■ Record set ■
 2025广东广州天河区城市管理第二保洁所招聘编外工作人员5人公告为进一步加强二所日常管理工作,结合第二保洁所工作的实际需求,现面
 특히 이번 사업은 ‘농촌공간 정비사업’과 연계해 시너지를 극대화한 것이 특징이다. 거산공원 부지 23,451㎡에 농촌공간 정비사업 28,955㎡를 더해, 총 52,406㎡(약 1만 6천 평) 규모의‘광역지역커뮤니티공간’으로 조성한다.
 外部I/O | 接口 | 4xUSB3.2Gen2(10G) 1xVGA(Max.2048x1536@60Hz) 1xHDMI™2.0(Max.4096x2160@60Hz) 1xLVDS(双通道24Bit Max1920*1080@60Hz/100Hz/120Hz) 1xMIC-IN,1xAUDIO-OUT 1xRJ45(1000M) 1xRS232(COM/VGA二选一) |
--
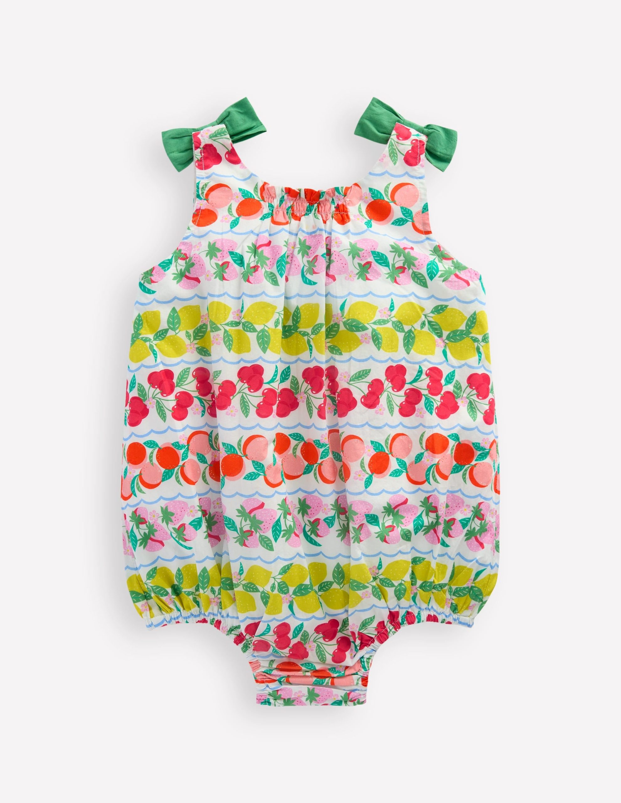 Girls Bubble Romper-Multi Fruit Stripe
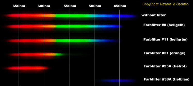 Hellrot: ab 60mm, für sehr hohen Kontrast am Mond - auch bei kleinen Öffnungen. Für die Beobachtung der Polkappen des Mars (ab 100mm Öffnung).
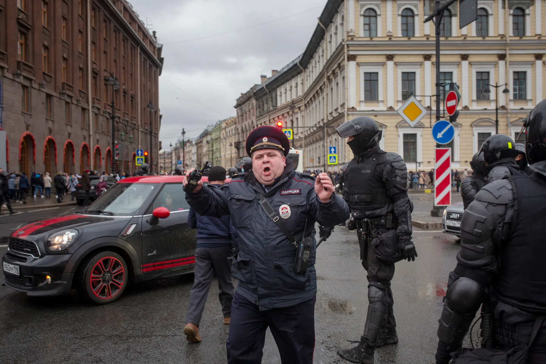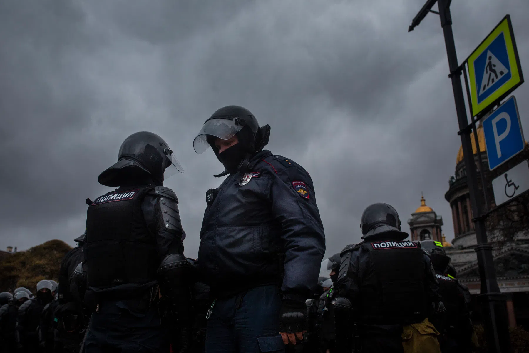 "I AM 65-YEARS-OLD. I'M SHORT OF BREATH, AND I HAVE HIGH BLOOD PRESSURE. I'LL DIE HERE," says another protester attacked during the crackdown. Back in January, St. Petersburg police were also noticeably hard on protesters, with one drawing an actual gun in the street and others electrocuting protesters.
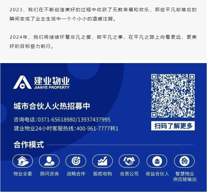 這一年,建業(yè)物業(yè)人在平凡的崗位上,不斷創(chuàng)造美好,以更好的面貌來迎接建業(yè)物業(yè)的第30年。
* * *
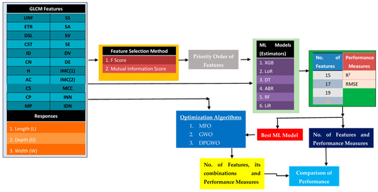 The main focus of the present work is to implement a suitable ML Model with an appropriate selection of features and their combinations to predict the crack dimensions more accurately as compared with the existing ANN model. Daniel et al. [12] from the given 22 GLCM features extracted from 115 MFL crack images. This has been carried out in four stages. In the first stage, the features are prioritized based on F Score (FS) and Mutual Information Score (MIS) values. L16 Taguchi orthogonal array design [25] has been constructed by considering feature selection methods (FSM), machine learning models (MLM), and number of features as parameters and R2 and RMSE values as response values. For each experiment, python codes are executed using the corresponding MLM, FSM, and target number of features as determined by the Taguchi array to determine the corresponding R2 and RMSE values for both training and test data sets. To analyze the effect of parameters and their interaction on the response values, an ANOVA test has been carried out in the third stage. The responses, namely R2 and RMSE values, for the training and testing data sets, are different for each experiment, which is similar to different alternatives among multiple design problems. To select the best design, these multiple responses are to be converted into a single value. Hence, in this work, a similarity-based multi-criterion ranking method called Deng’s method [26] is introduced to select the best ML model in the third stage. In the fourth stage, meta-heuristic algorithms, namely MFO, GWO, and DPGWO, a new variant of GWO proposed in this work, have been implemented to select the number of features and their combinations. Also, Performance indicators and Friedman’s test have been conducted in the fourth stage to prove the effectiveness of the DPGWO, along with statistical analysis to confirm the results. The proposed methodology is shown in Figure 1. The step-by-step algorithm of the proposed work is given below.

■ Try it ■
Using the data above, print only the lines starting at the one with "others electrocuting protesters." and ending at the one with "這一年,建業(yè)物業(y", exactly as they stand, minus the pictures.

■ Answer below ■
 "I AM 65-YEARS-OLD. I'M SHORT OF BREATH, AND I HAVE HIGH BLOOD PRESSURE. I'LL DIE HERE," says another protester attacked during the crackdown. Back in January, St. Petersburg police were also noticeably hard on protesters, with one drawing an actual gun in the street and others electrocuting protesters.
 這一年,建業(yè)物業(yè)人在平凡的崗位上,不斷創(chuàng)造美好,以更好的面貌來迎接建業(yè)物業(yè)的第30年。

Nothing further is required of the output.